Everything from the first line of the data through the line with "Varia Cremefarvet Smal" is to be echoed exactly, minus the pictures.
-------- Records provided
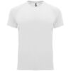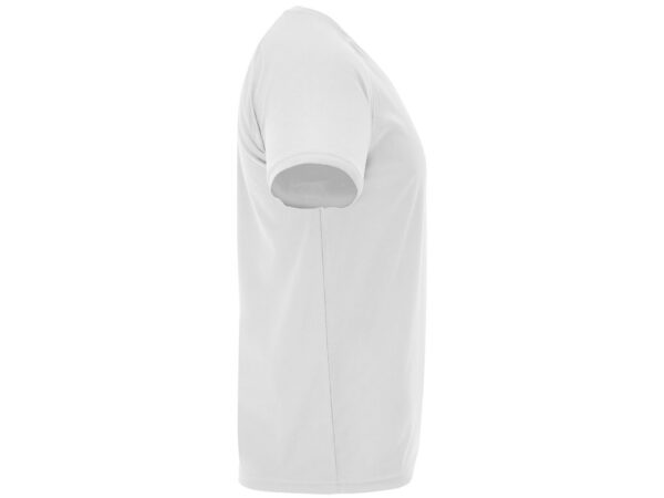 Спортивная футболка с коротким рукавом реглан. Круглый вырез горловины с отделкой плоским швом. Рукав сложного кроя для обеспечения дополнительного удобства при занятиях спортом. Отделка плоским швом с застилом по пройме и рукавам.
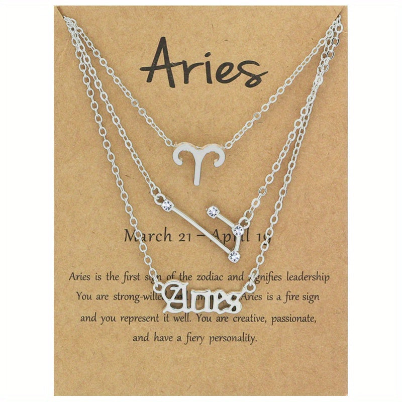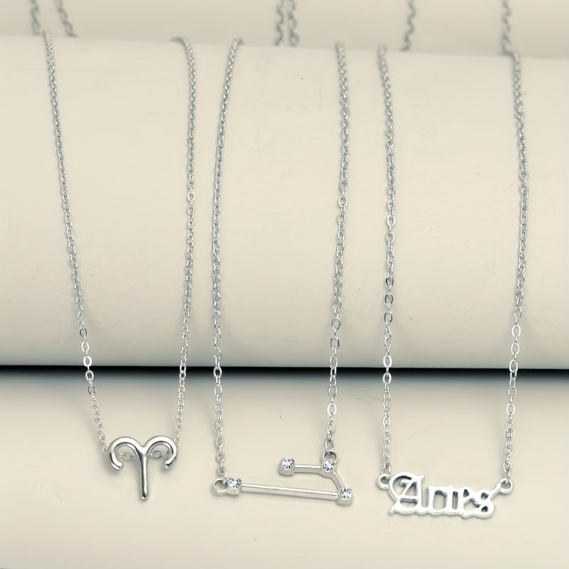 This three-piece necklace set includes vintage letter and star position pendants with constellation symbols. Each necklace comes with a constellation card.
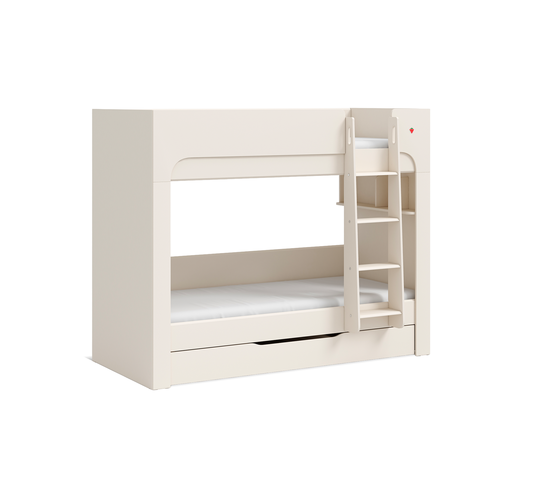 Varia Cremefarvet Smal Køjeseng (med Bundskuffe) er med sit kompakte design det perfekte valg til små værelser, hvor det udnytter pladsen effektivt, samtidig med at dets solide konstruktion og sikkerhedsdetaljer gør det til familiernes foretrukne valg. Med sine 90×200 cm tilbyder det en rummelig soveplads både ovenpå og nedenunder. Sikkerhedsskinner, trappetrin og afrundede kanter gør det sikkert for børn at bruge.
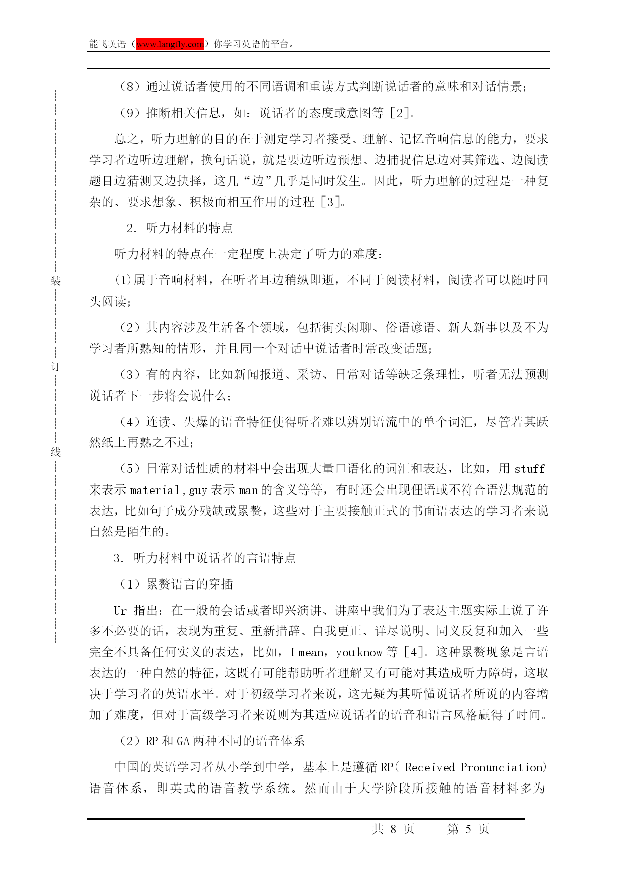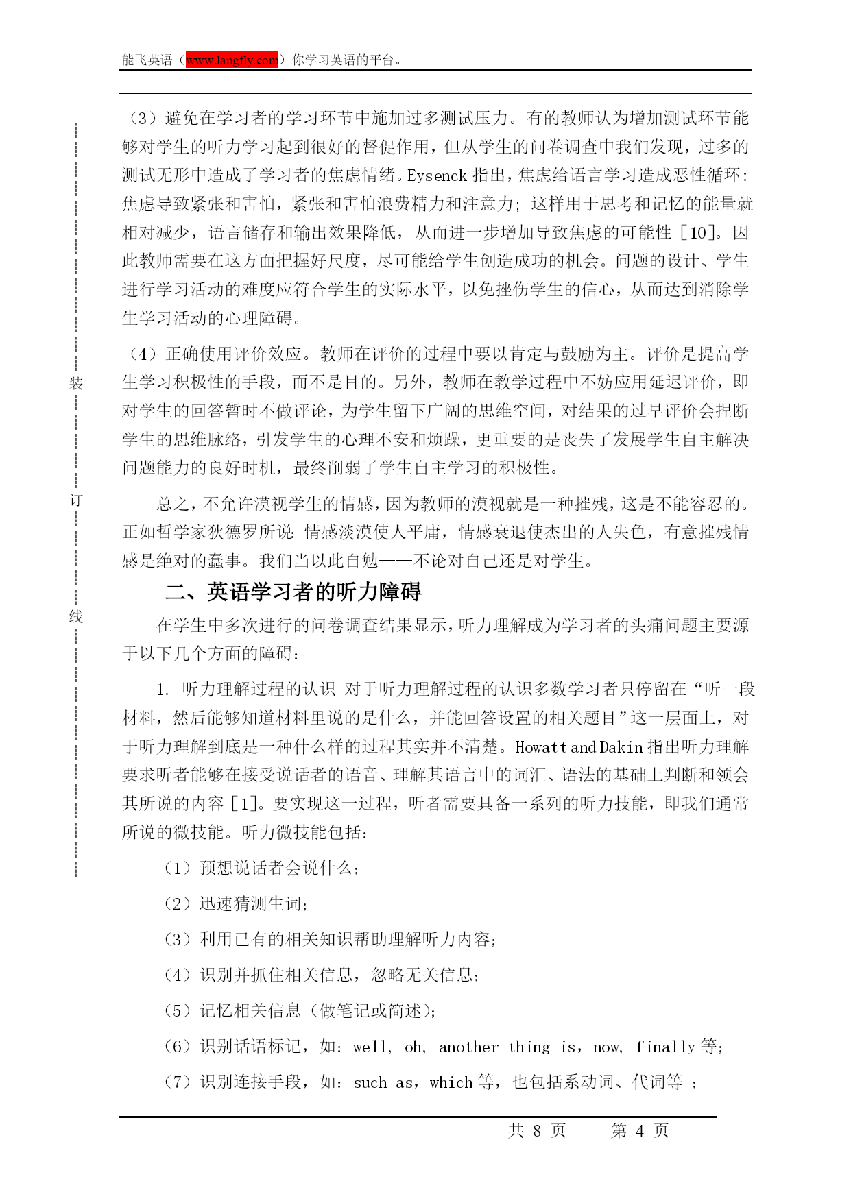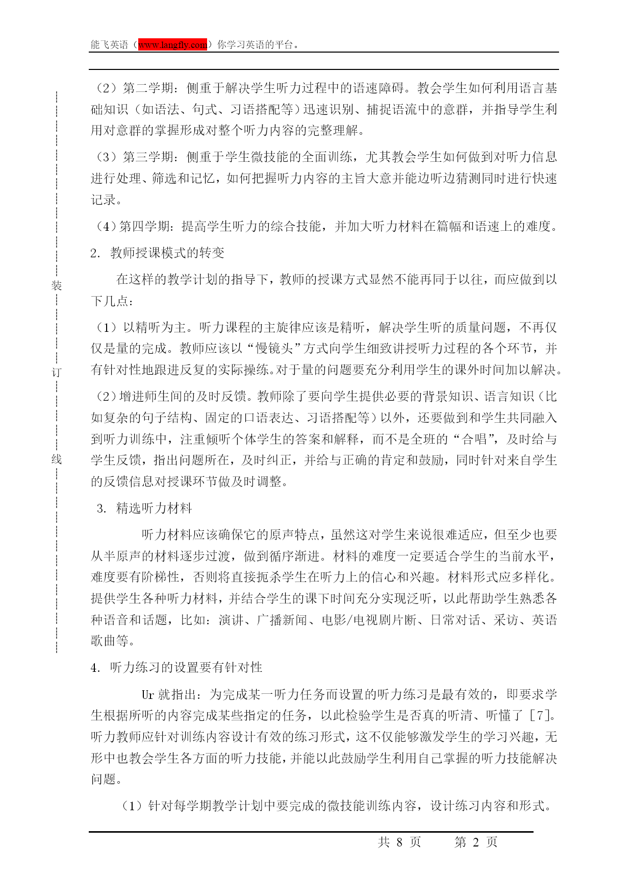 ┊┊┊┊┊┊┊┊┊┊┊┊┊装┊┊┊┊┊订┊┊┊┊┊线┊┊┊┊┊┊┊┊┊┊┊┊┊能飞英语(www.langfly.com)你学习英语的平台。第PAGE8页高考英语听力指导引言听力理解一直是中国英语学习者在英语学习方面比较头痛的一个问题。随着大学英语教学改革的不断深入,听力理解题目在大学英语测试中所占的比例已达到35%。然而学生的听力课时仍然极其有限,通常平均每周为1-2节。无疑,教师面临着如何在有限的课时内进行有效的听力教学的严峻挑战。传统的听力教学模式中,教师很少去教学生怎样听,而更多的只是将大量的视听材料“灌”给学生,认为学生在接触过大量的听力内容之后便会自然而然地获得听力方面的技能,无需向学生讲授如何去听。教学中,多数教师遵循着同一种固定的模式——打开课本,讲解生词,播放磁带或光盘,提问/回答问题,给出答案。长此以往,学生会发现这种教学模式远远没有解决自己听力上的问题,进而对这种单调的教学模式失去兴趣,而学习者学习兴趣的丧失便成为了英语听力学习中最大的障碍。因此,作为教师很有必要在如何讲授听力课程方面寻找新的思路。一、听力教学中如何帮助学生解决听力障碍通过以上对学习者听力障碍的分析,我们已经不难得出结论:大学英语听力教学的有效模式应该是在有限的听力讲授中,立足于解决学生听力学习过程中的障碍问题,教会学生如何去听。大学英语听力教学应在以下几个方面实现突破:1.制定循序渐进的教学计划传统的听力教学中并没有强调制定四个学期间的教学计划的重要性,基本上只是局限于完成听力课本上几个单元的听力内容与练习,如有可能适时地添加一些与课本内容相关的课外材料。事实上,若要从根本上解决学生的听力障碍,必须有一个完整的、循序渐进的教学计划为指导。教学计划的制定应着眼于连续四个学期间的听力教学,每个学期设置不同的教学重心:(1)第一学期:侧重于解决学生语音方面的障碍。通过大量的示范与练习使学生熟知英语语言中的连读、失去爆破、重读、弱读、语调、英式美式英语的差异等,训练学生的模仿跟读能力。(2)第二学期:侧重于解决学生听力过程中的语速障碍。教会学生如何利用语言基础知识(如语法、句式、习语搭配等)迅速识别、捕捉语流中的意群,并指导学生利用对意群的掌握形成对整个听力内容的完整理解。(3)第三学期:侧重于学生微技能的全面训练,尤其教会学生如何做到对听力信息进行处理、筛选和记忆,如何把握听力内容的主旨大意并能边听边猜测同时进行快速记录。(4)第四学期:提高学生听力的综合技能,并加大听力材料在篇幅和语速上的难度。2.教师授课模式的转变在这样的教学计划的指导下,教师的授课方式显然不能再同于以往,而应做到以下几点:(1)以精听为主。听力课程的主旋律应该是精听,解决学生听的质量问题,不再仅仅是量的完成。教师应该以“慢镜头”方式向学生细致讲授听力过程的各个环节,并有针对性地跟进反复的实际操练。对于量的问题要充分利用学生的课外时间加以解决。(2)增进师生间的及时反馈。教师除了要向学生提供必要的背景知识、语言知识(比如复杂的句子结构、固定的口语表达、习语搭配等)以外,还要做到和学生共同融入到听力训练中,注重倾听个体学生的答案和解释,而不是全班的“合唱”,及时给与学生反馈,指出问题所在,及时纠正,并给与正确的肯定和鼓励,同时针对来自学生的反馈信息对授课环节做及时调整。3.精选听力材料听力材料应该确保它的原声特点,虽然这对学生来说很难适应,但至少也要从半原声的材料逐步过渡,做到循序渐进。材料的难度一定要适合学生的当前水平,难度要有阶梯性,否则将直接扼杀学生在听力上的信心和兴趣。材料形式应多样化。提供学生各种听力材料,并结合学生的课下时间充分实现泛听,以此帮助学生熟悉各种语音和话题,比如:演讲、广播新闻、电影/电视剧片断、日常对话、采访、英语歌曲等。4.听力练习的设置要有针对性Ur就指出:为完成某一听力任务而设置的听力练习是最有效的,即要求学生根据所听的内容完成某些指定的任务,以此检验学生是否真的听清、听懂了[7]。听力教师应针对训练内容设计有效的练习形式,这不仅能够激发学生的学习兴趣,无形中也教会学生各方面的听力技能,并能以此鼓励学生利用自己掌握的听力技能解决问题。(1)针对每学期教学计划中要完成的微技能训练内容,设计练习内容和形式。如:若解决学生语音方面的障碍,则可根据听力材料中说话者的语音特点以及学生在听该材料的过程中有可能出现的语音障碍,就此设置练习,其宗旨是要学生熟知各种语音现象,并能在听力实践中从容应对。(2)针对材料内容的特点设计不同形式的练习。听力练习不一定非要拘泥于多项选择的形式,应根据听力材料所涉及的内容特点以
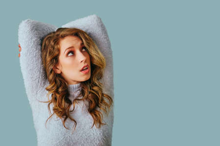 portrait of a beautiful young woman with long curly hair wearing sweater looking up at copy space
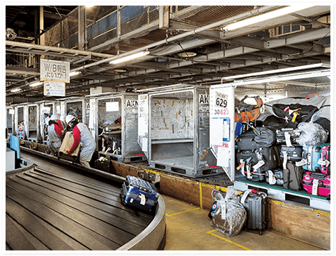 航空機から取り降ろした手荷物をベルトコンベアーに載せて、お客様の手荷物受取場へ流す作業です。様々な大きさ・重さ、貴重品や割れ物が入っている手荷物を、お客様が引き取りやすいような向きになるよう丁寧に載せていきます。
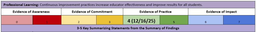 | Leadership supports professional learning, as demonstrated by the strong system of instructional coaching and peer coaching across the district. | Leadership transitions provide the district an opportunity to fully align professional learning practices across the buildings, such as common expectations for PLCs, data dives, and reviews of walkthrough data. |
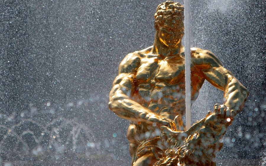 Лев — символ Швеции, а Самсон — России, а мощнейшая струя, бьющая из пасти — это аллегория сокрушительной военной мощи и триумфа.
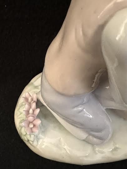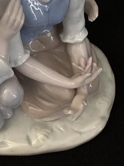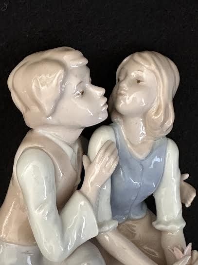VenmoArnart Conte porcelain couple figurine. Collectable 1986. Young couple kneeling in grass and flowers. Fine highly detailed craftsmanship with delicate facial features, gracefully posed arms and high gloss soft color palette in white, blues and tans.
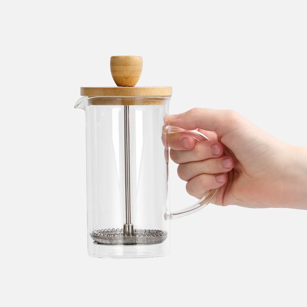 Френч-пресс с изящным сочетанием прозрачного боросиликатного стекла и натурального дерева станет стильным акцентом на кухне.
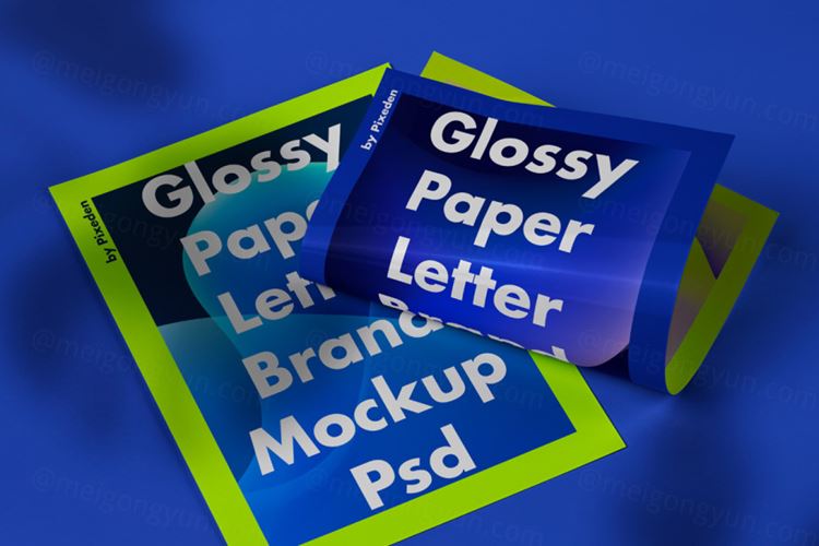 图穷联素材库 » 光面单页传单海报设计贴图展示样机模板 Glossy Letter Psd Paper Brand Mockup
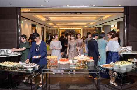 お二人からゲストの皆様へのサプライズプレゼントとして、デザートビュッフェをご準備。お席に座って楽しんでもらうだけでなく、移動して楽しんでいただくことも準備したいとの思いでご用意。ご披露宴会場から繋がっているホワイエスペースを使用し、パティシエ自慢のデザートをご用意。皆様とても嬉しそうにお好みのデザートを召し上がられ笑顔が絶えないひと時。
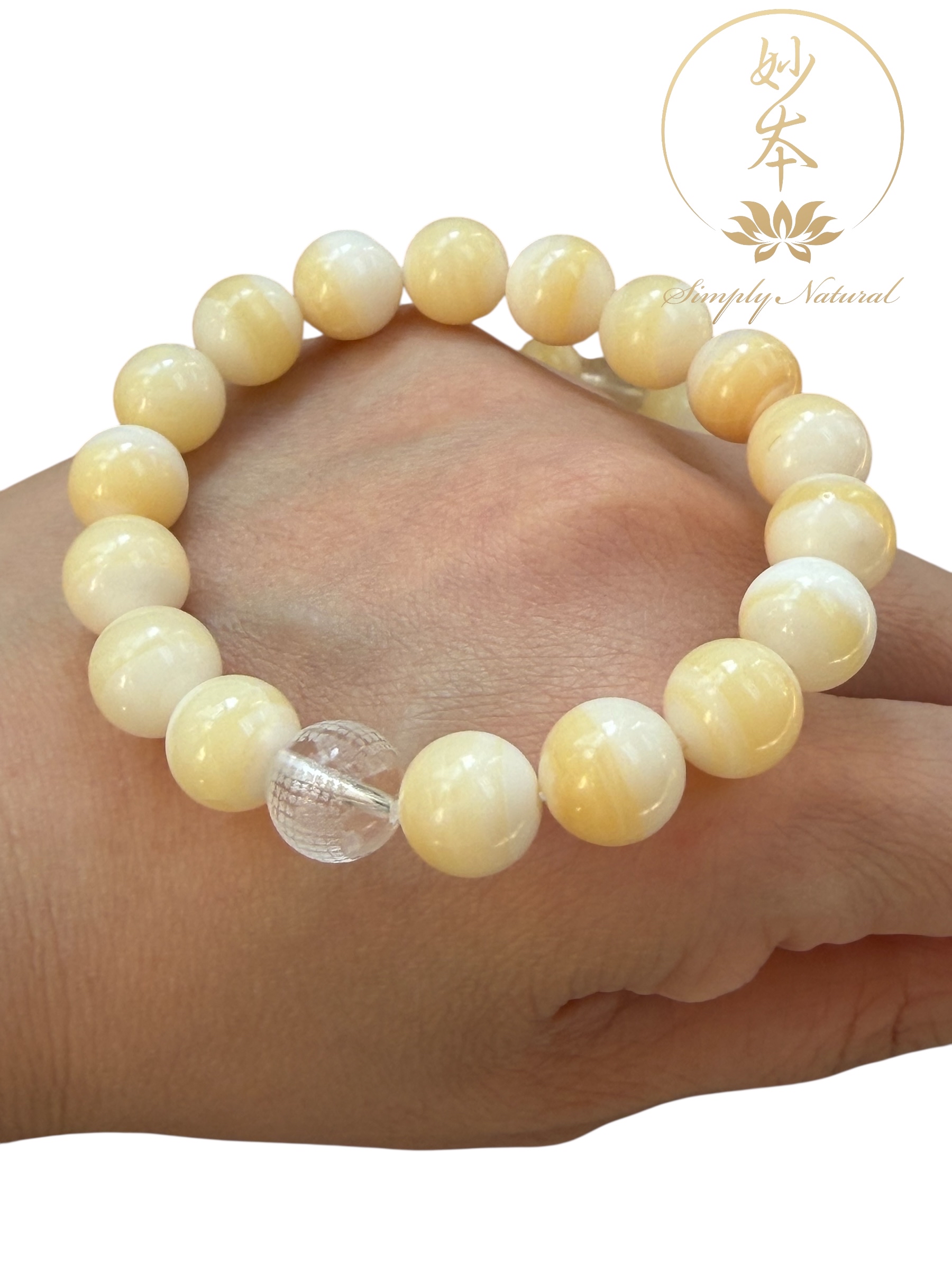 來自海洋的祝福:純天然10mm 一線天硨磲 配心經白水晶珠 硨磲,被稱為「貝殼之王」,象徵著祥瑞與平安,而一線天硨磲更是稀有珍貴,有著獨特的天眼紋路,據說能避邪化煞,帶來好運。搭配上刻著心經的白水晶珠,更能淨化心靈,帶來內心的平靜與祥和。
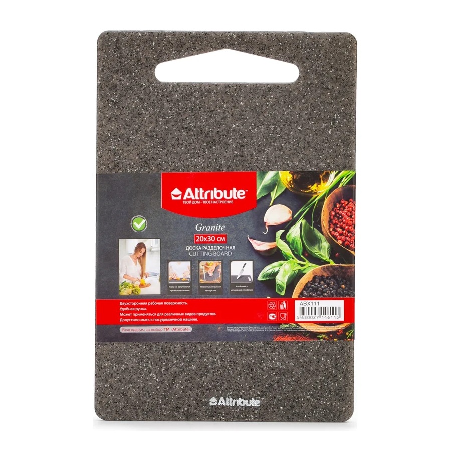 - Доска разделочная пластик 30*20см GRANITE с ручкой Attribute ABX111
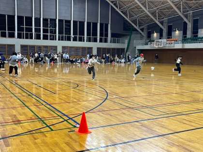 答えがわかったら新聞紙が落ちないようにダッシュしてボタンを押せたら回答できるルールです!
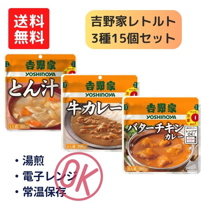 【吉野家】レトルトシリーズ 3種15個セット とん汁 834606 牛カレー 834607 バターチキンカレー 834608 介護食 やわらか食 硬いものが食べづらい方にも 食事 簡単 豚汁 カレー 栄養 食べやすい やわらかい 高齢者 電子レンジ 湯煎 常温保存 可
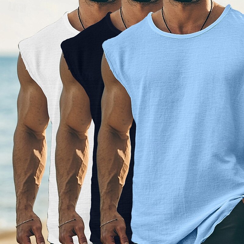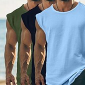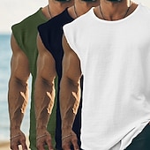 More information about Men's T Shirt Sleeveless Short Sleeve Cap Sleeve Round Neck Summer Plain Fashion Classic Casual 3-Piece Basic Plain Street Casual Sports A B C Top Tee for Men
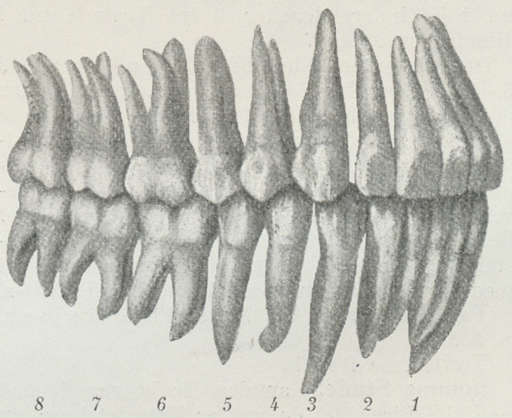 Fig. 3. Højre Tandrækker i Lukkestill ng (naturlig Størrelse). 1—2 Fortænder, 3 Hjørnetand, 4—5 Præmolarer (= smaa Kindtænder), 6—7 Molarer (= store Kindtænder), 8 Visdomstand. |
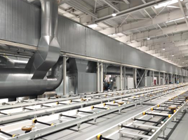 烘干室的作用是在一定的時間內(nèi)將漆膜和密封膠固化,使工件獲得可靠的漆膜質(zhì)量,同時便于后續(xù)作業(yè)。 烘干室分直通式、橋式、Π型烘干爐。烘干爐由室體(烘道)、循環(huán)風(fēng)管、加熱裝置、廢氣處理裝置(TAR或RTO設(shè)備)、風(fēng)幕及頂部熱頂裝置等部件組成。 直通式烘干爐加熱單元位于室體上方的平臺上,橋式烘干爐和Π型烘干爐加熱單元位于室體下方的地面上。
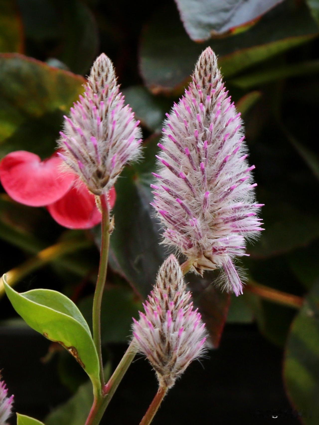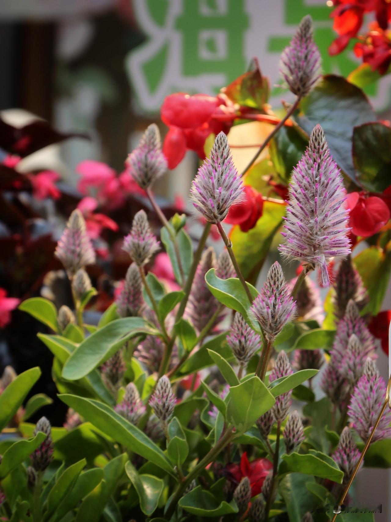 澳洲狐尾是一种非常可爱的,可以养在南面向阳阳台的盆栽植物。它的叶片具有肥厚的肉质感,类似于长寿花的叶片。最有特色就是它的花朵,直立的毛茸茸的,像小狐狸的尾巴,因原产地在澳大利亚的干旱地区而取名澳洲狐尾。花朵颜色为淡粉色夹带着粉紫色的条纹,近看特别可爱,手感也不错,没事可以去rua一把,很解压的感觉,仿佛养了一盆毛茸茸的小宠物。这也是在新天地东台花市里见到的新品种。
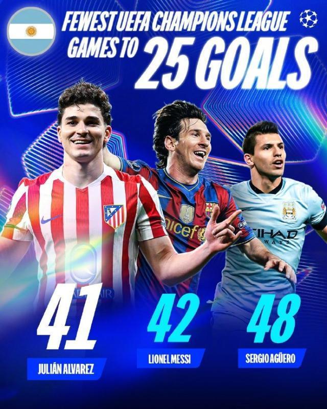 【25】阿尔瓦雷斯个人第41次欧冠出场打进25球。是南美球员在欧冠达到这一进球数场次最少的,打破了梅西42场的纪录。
----------------
» Response to this exercise:
 Спортивная футболка с коротким рукавом реглан. Круглый вырез горловины с отделкой плоским швом. Рукав сложного кроя для обеспечения дополнительного удобства при занятиях спортом. Отделка плоским швом с застилом по пройме и рукавам.
 This three-piece necklace set includes vintage letter and star position pendants with constellation symbols. Each necklace comes with a constellation card.
 Varia Cremefarvet Smal Køjeseng (med Bundskuffe) er med sit kompakte design det perfekte valg til små værelser, hvor det udnytter pladsen effektivt, samtidig med at dets solide konstruktion og sikkerhedsdetaljer gør det til familiernes foretrukne valg. Med sine 90×200 cm tilbyder det en rummelig soveplads både ovenpå og nedenunder. Sikkerhedsskinner, trappetrin og afrundede kanter gør det sikkert for børn at bruge.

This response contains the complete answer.